Эта идея системы впервые делает понятным, почему чистая и прикладная математика постоянно играла роль методологического образца, ориентира для всей современной философии. Ведь методологическое отношение математических аксиом к полученным из них частичным системам и результатам в точности соответствует тому требованию, которое было поставлено перед системой рационализма им самим: требованию, [которое сводилось к тому, что] каждый отдельный момент системы должен быть порождаемым ее фундаментальным принципом, предсказуемым и калькулируемым исходя из него.

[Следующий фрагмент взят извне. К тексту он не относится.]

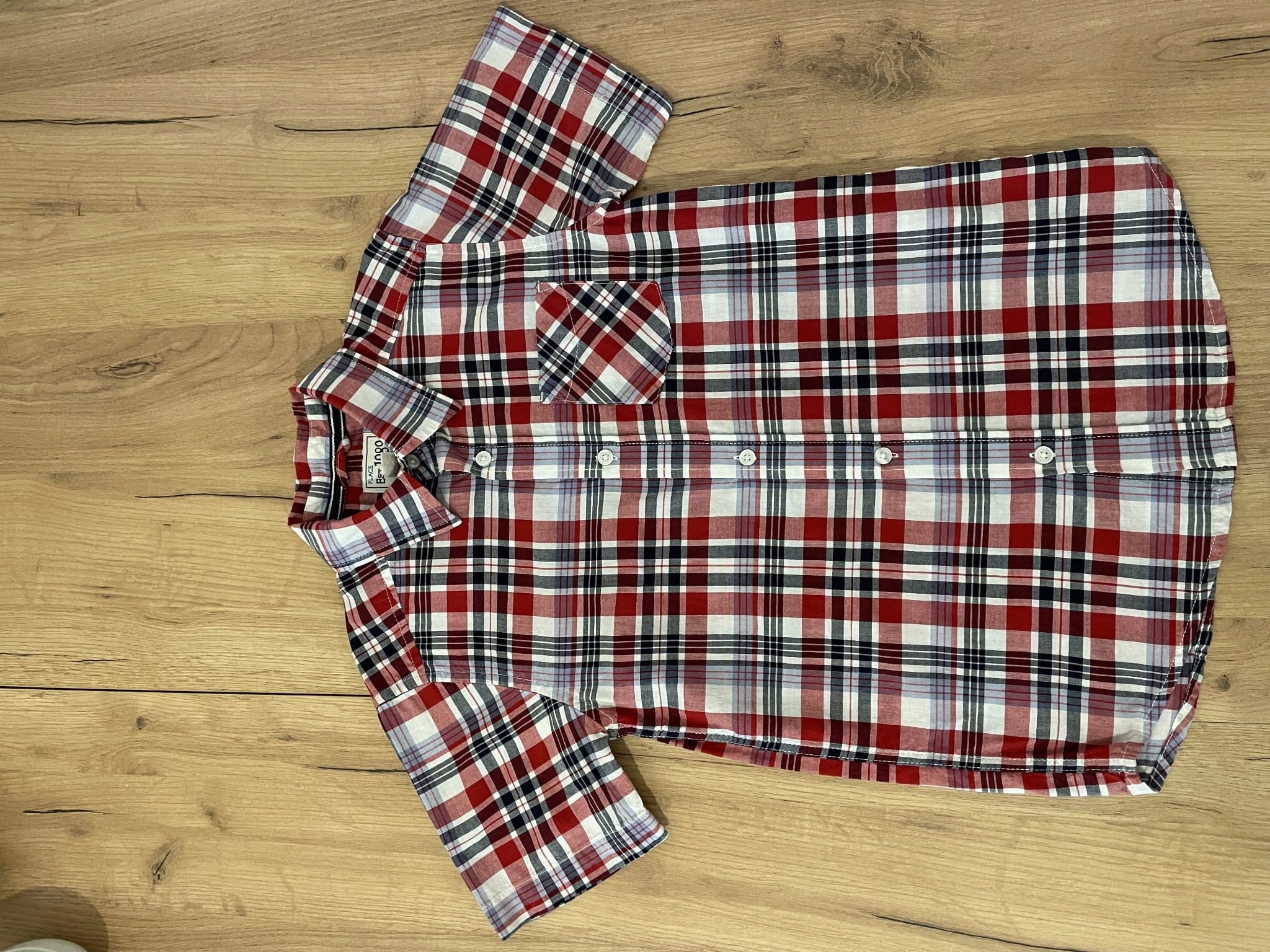 Сорочка з коміром, короткими рукавами, класична клітка. Інтенсивний червоний колір розриває відтінки чорного і білого. Сорочка виготовлена зі 100% органічної бавовни.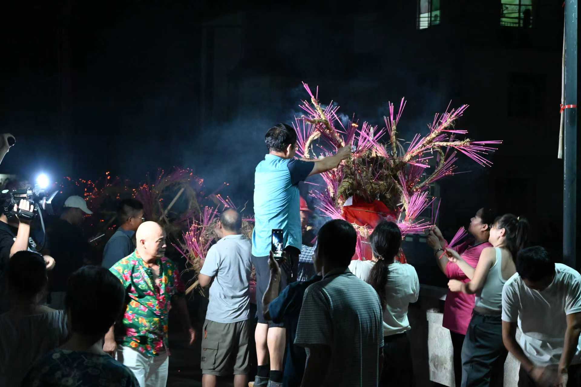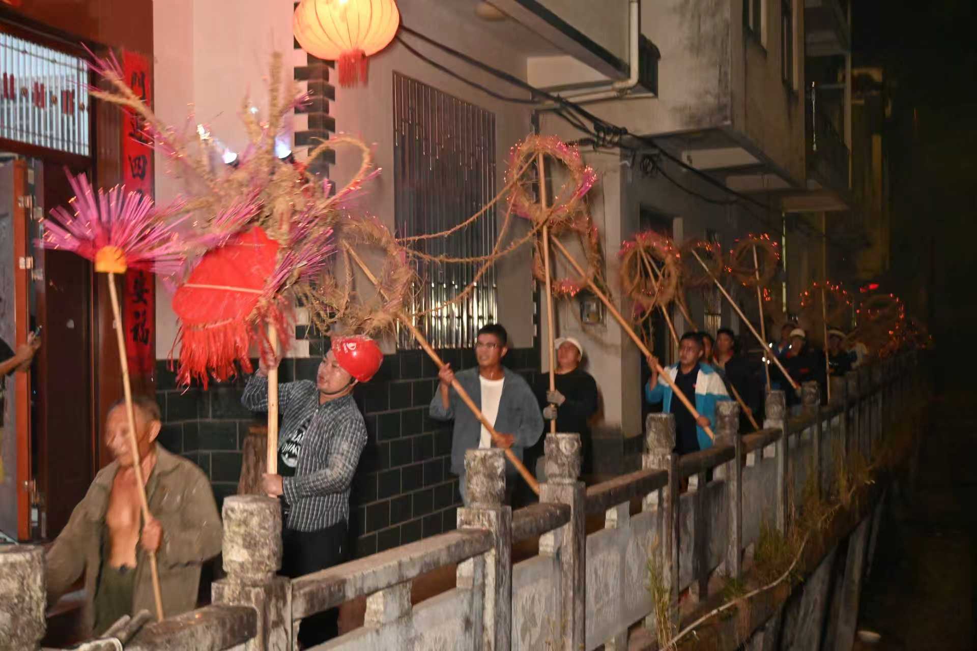 在龙田乡浯田村,中秋夜晚,一条由66名中青年舞动全长约169米的香龙,自村头至村尾穿行巡游,在锣鼓铿锵、烟花鞭炮声中,沿线的村民燃放鞭炮迎接,人潮涌动、灯火辉映,满目“火龙腾跃、月华如水”的节日图景。在璜尖乡璜尖村,村民们手持插满香火的稻草龙,伴随铿锵的锣鼓声穿行于村巷之间,以这一古老仪式表达对来年的美好祝愿,也让这项承袭数百年的民间传统习俗在当代生活中焕发出崭新活力。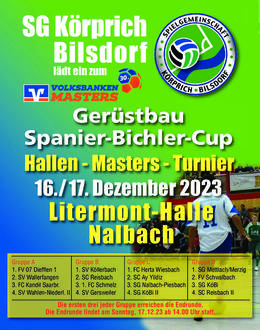 Das traditionelle Hallenturnier der SG Körprich-Bilsdorf findet am 16./17.12.23 in der Litermonthalle statt. Es ist uns wieder gelungen, ein hochklassiges Teilnehmerfeld aufzubieten, und mit 56 Wertungspunkten gehört unser Turnier mit zu den attraktivsten der aktuellen Qualifikation zum Finale des Hallenmasters in Saarbrücken am 28.01.24. Wir laden alle Fußballfreunde ein, sich unser Turnier nicht entgehen zu lassen.

Ясно, что этот принцип систематизации должен быть несовместим с признанием какой бы то ни было «фактичности» некоего «содержания», которое не выводимо из принципа оформления [Formgebung] и потому должно быть воспринято просто как фактуальная данность [Faktizitaet]. Великолепие, парадоксальность и трагизм классической немецкой философии тем самым заключаются в том, что она уже не заставляет, подобно Спинозе, всякую данность исчезать как несуществующую за монументальной архитектурой рациональных, порожденных рассудком форм, а, напротив, постигает иррациональный характер данности содержания понятия, держится за него, но, выходя за рамки этой констатации, преодолевая ее, стремится возвести систему. Из вышеизложенного, однако, должно было стать очевидным, что именно означает для системы рационализма проблема данности: то, что данность ни в коем случае нельзя оставлять в ее наличном существовании и так-бытии [Sosein], ибо здесь она остается непреоборимо «случайной», но что следует целиком претворить, переработать ее в рациональную систему рассудочных понятий. На первый взгляд, тут имеет место совершенно неразрешимая дилемма. Ведь либо «иррациональное» содержание целиком растворяется в понятийной системе, а значит, нужно сообщить ей такую конструкцию и такую всеобщую применимость, как если бы не существовало никакой иррациональности содержания, никакой данности (которая в лучшем случае может выступать в качестве задачи в вышеуказанном смысле), в результате чего мышление опускается на ступень наивно-догматического рационализма: оно неким образом рассматривает как несуществующую чистую фактичность иррационального содержания понятия. (Даже если подобная метафизика прикрывается формулой, согласно которой такая содержательность «иррелевантна» для познания.) Либо нужно признать, что данность, содержание, материя определяюще вторгаются в оформление, в структуру форм, в отношение форм друг к другу, то есть в структуру самой системы, вследствие чего система должна отказаться от себя как от системы; система выступает лишь как возможно более наглядная регистрация, возможно более упорядоченное описание фактов, чья взаимосвязь, однако, уже больше не является рациональной, то есть уже больше не является систематизируемой, даже если формы элементов этих фактов тоже являются рассудочными и рациональными.
Но было бы поверхностно останавливаться на этой абстрактной дилемме, и классическая философия никогда этого не делала. Когда она до предела обострила логическую противоположность формы и содержания, где встречаются и перекрещиваются все лежащие в основе философии противоположности, когда она удерживала эту противоположность и, тем не менее, пыталась систематически овладеть ею, она обретала способность пойти дальше своих предшественников и заложить методологические основания диалектического метода.
Ее упорное стремление возвести рациональную систему, несмотря на ясно познанную и таким образом сохраненную иррациональность содержания понятия (данности), должно было методологически толкать ее в направлении динамического релятивирования этих противоположностей. Конечно, и здесь шла впереди современная математика как методологический образец. Находившиеся под ее влиянием системы (в особенности система Лейбница) берут иррациональность данного в качестве задачи. И на самом деле для метода математики любая иррациональность конкретного преднайденного содержания выступает лишь как импульс к такому преобразованию, такому перетолкованию системы форм, посредством которых были порождены прежние взаимосвязи, чтобы кажущееся на первый взгляд «данным» содержание стало после этого тоже «порожденным», чтобы фактичность разрешилась в необходимости. Как ни велик прогресс в понимании действительности («святой математикой») в сравнении с достигнутым в догматический период, но и тут не следует забывать, что математический метод имеет дело с понятием иррациональности, уже методологически приспособленным к его методологическим требованиям, гомогенным этим требованиям (и, через посредство этого понятия, – со сходным понятием фактичности, бытия). Безусловно, позициональная иррациональность содержания понятия существует и здесь: но методом, полаганием она с самого начала приурочена к предельно чистой позициональности, то есть к релятивированию.